Massachusetts Supreme Judicial Court Reduces Murder Conviction in Dorchester Stabbing Case

The Massachusetts Supreme Judicial Court today determined that a defendant’s conviction for first-degree murder should be reduced to second-degree murder, which will potentially allow the defendant to be released on parole in the future.  The name of the case is Commonwealth v. Salazar.

One January night in 2005, the blood-soaked defendant appeared at a Dorchester fire department.  Firefighters examined the defendant for the source of the blood and found only a small cut on his right hand.  Police officers later entered the defendant’s apartment and found his roommate, who was lying dead in a pool of blood.  The victim has been stabbed in the neck, which caused him to bleed to death, and sustained 11 additional injuries.  The cops were able to follow a trail of blood that led from the victim’s apartment, through his backyard, and eventually to the fire station where the defendant had sought help.  The defendant was charged with first-degree murder.  At his trial, he testified he had a very close relationship with the victim and had not killed him.  According to the defendant, he and the victim had spent the day of the victim’s murder drinking beer and cooking in their apartment.  Late in the afternoon, the defendant fell asleep on the couch and was woken up by a loud argument.  The defendant testified that he saw two strangers in the apartment who attacked the victim with a knife.  The defendant tried to help the victim, but was beaten by the strangers before fleeing to the fire station.  The jury didn’t buy the defendant’s story and found him guilty of first-degree murder.  The defendant appealed.

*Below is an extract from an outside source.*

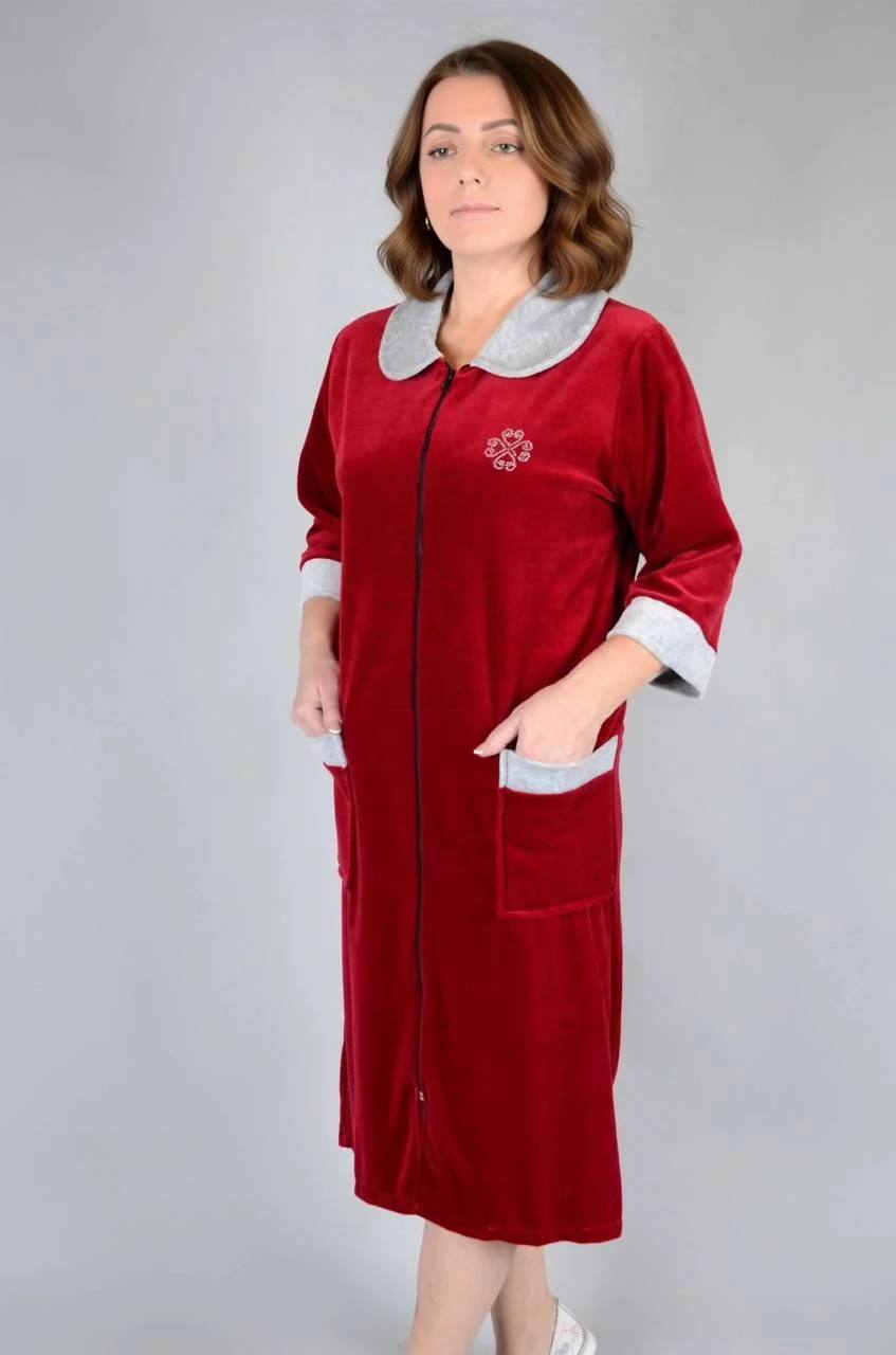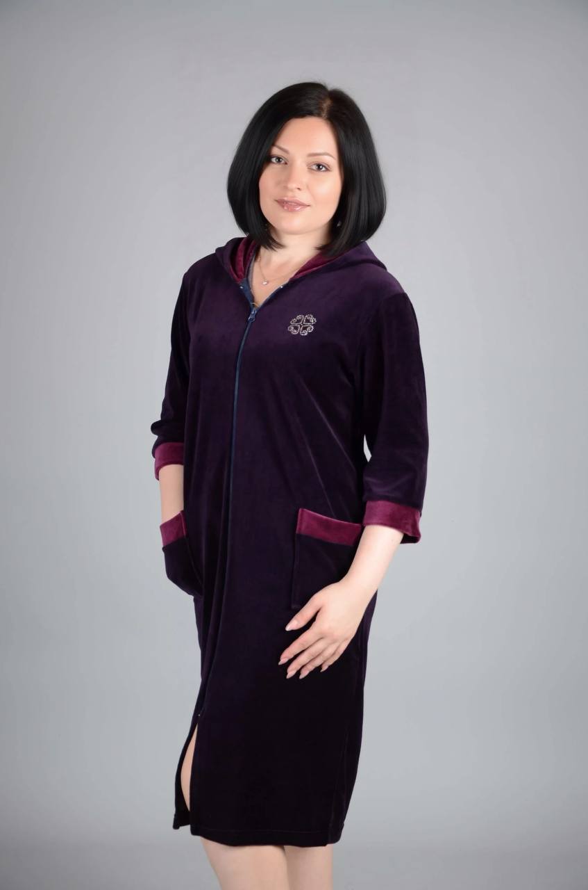 Яким має бути ідеальний одяг для дому? Правильно - комфортним, якісним і красивим! Саме велюровий халат обов'язково стане вашим найулюбленішим одягом для будинку! Тканина - ніжний, м'який велюр - виробництво Туреччина. Розмір - 44, 46, 48, 50, 52, 54, 56, 58, 60, 62, 64, 66, 68, 70, 72, 74, 76

On appeal, the defendant argued first that there was insufficient evidence for him to be found guilty of first-degree murder, and second that his trial attorney had not effectively represented him.  The Commonwealth was required to prove the defendant killed the victim with deliberate premeditation (after a period of reflection).  The reflection period does not need to be particularly long – a few seconds will suffice.  In this case, the Supreme Judicial Court concluded the evidence was sufficient to establish the defendant killed the victim after a period of reflection.  The victim was killed with a kitchen knife but his body was found between a hallway and a bedroom.  The jurors could have reasonably concluded that the defendant retrieved the knife from the kitchen before pursuing the victim through the apartment and killing him near the bedroom.  Further, the multiple stab wounds suggested the defendant had committed the murder with deliberate premeditation.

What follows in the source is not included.